В маленьком садике возле бунгало, прибранном ради визита гостьи, мисс Бэнкхед плюхается в плетеное кресло; от его скрипа мои нервы сжимаются в клубок. Она говорит очень громко. Я уже забыла этот царапающий голос, забавлявший меня в детстве. Тал выкуривает сто сигарет в день, — она сама говорит мне об этом чуть гордо. Рекламирует джин, пьет бурбон. Ругается как извозчик. Газеты, как она утверждает, все врут про нее — мерзкие листки, распространяющие сплетни. Отдающие все за возможность напечатать сенсацию. А что сказать о грешнице, демонстрирующей публике свою развращенность? О чем еще говорить, если эта грешница — обожаемая дочь председателя Палаты Общин, иначе говоря, третьего лица в стране?
— Ты просто себе не представляешь, милая, насколько скучно в кино. Голливуд? Ужасное недоразумение. Я тысячу раз предпочту театральную сцену, — говорит она мне. И я думаю: «Ты права, Таллула, поскольку камера тебя не любит. Ты чаще кривляешься, чем играешь возвышенно, фальшивая Гарбо, дурацкая Дитрих».
«Она не хватает звезд с неба», — сказал Скотт с видом профессионала, словно это была моя ошибка, словно ему было это интересно. С тех пор как он начал писать для Голливуда, он сам стал повторять те же глупости и клише, которые этот городок культивирует удачливее, нежели производит доллары и выдумывает жестокие финалы. Матушка рассказывает дружеские сплетни, которые во влиятельных домах Монтгомери у всех на устах: эта актриса испытала худшее унижение за всю свою карьеру, узнав, что, несмотря на ее переезд из Нью-Йорка в Лос-Анджелес, ее не взяли на роль Скарлетт в экранизации «Унесенных ветром», самого успешного романа, какой Америка только знала. «Эта роль была моей, — заявила она продюсеру перед тем, как обозвала его козлом (некоторые злые языки уверяют, что мудаком). — Дочь Юга — я! Не эта жеманная зассыха-англичанка с ее маленьким свиным носиком, писклявым голоском и сексуальностью ходячей добродетели». Согласно продолжению легенды, рассказываемой некоторыми добрыми алабамскими душами, оскорбленный продюсер ответил, что мисс Бэнкхед уже не в том возрасте и что даже после наложения нескольких слоев грима никто не даст ей двадцать лет.

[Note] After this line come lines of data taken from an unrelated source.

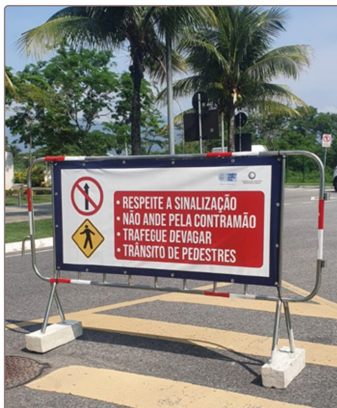
Sinalização distribuída pelas ruas e avenidas do bairro.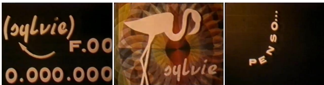
FIG. 12A, 12B E 12C – FRAME TRATTI DAL CORTOMETRAGGIO IL GIOCO DELL'OCA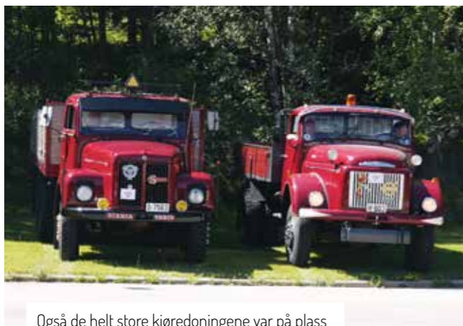
Også de helt store kjøredningene var på plass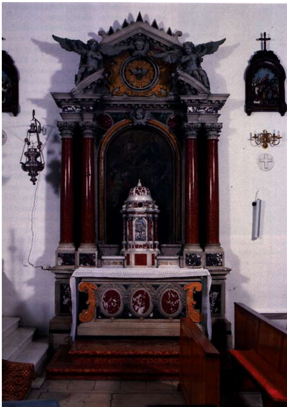
Slika 1. Marko Torresini, Bočni oltar, Kali (otok Ugljan), župna crkva

Я никогда не задумывалась, чем мы с ней похожи. Возможно, не только нашими сложными характерами — иногда непредсказуемыми, но сегодня уже порядком смягчившимися. Слишком костлявыми, откровенно мальчишескими лицами. Поскольку Тал не делала из этого тайны, все знали, что мисс Бэнкхед спит с женщинами так же часто, как и с мужчинами. В глазах беспокойной Минни я видела всю гамму оттенков запоздалого возмущения: что, если добрые алабамские души решат, будто мы с ней лесбиянки? «Думаете, чем они занимались в пятнадцать лет постоянно находясь вместе, одетые в мужские шорты и рубашки, целыми днями бегая по лесам, по берегам прудов, по пустым амбарам? Да, да! Они делали это из желания попробовать!»